EXERCISE DESCRIPTION: The required output is the exact run of lines in the listing below from the line holding "Materials: waterproof sticker" through the line holding "Gran susto sufrió", with no pictures.

[DATA Boundary: Start]

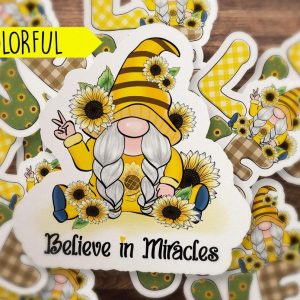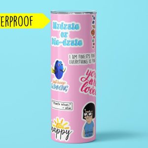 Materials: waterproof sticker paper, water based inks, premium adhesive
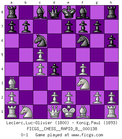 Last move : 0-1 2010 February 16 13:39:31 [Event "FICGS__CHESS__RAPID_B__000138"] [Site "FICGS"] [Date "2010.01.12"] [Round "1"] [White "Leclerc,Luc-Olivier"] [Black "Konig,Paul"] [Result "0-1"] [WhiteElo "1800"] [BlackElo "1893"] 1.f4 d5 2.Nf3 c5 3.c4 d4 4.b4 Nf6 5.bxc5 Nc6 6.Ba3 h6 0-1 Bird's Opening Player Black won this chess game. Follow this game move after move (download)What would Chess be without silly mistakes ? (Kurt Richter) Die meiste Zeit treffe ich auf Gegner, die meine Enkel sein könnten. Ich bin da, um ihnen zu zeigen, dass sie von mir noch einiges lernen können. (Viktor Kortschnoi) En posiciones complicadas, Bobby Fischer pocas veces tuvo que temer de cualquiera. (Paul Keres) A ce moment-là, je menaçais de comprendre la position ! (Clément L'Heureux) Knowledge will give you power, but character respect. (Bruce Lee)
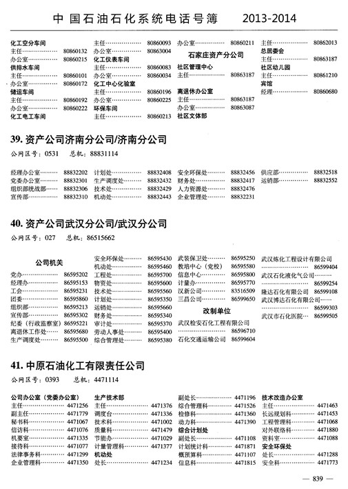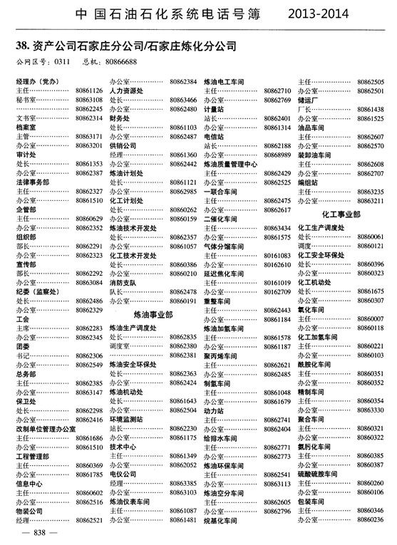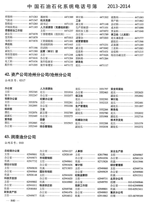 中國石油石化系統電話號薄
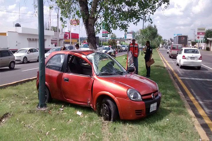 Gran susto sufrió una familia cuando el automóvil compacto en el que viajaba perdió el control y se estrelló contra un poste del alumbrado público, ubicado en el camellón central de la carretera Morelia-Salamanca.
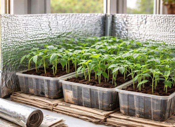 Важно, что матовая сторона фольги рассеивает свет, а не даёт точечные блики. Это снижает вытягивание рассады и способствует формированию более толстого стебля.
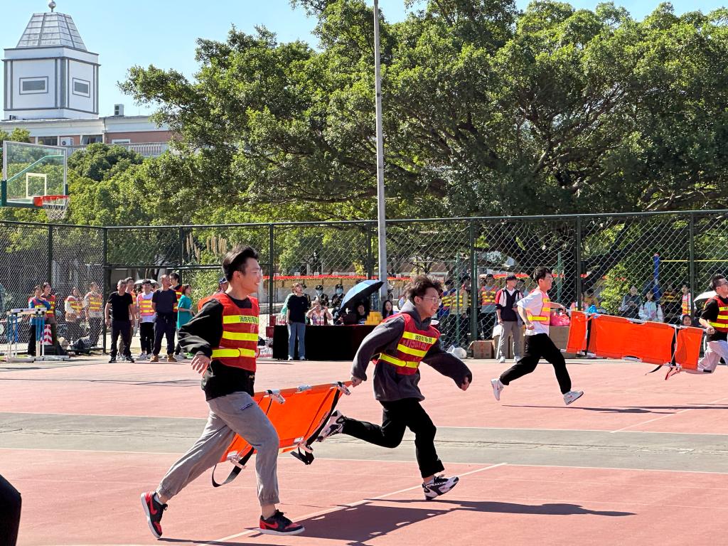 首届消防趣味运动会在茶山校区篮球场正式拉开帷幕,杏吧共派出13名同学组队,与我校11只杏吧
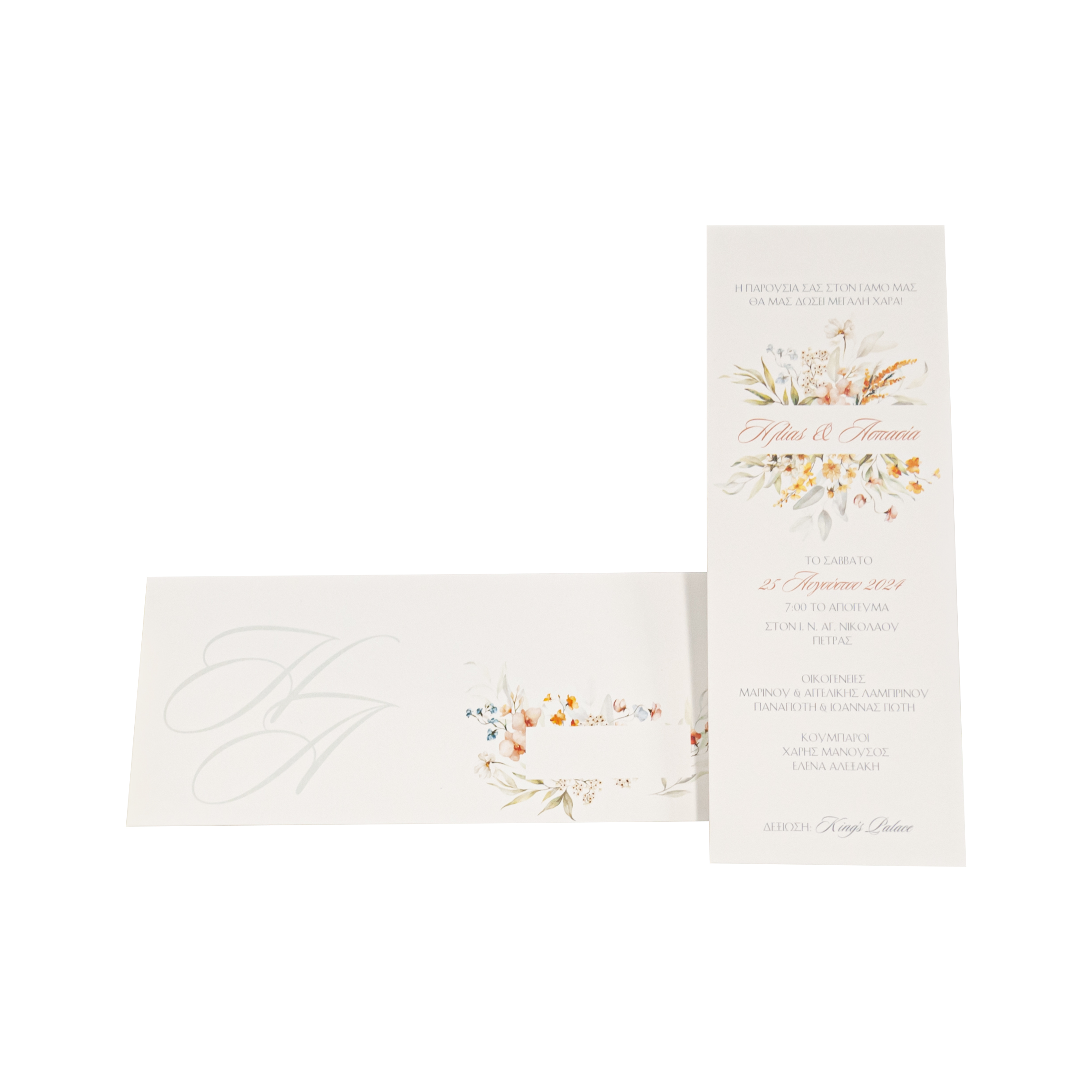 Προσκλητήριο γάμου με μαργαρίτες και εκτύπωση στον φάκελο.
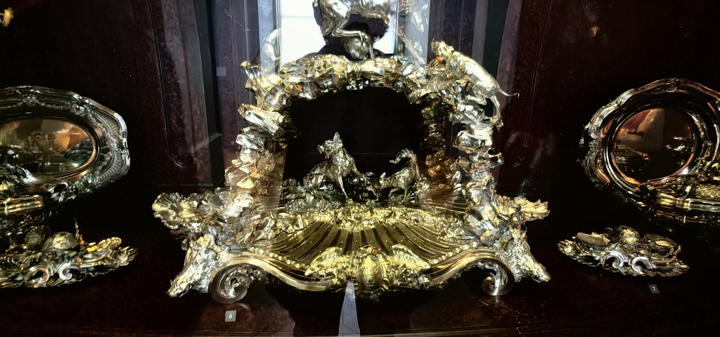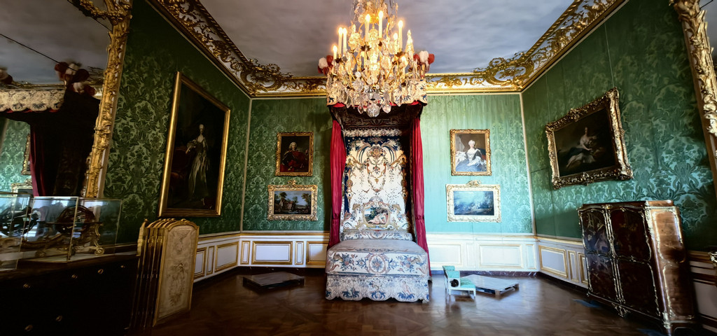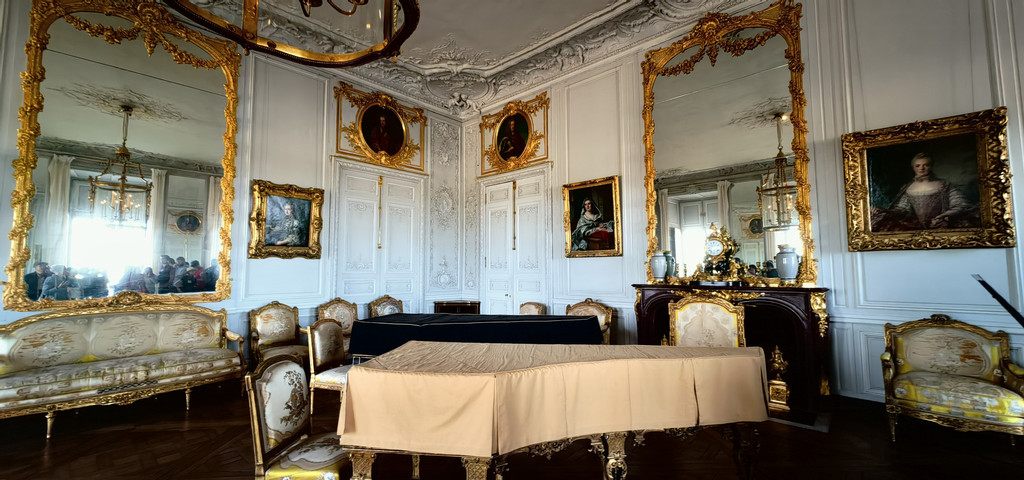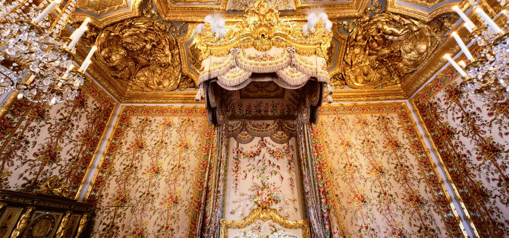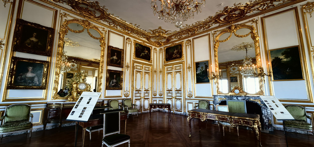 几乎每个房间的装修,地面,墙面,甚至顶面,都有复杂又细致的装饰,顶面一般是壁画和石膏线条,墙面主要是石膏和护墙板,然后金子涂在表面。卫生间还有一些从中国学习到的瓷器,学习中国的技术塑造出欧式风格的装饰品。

[DATA Boundary: End]
[DATA Boundary: Start]

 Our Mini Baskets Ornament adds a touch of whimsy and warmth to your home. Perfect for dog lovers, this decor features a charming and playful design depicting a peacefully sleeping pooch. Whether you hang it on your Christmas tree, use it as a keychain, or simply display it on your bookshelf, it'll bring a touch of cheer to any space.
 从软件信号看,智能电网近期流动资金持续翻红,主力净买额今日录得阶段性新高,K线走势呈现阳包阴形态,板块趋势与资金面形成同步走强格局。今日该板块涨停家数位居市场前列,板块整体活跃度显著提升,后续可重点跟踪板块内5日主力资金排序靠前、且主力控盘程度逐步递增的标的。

[DATA Boundary: End]
[DATA Boundary: Start]

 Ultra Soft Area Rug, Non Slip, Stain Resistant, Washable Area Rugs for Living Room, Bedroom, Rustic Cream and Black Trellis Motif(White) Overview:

[DATA Boundary: End]

ANSWER BOX:
 Materials: waterproof sticker paper, water based inks, premium adhesive
 Last move : 0-1 2010 February 16 13:39:31 [Event "FICGS__CHESS__RAPID_B__000138"] [Site "FICGS"] [Date "2010.01.12"] [Round "1"] [White "Leclerc,Luc-Olivier"] [Black "Konig,Paul"] [Result "0-1"] [WhiteElo "1800"] [BlackElo "1893"] 1.f4 d5 2.Nf3 c5 3.c4 d4 4.b4 Nf6 5.bxc5 Nc6 6.Ba3 h6 0-1 Bird's Opening Player Black won this chess game. Follow this game move after move (download)What would Chess be without silly mistakes ? (Kurt Richter) Die meiste Zeit treffe ich auf Gegner, die meine Enkel sein könnten. Ich bin da, um ihnen zu zeigen, dass sie von mir noch einiges lernen können. (Viktor Kortschnoi) En posiciones complicadas, Bobby Fischer pocas veces tuvo que temer de cualquiera. (Paul Keres) A ce moment-là, je menaçais de comprendre la position ! (Clément L'Heureux) Knowledge will give you power, but character respect. (Bruce Lee)
 中國石油石化系統電話號薄
 Gran susto sufrió una familia cuando el automóvil compacto en el que viajaba perdió el control y se estrelló contra un poste del alumbrado público, ubicado en el camellón central de la carretera Morelia-Salamanca.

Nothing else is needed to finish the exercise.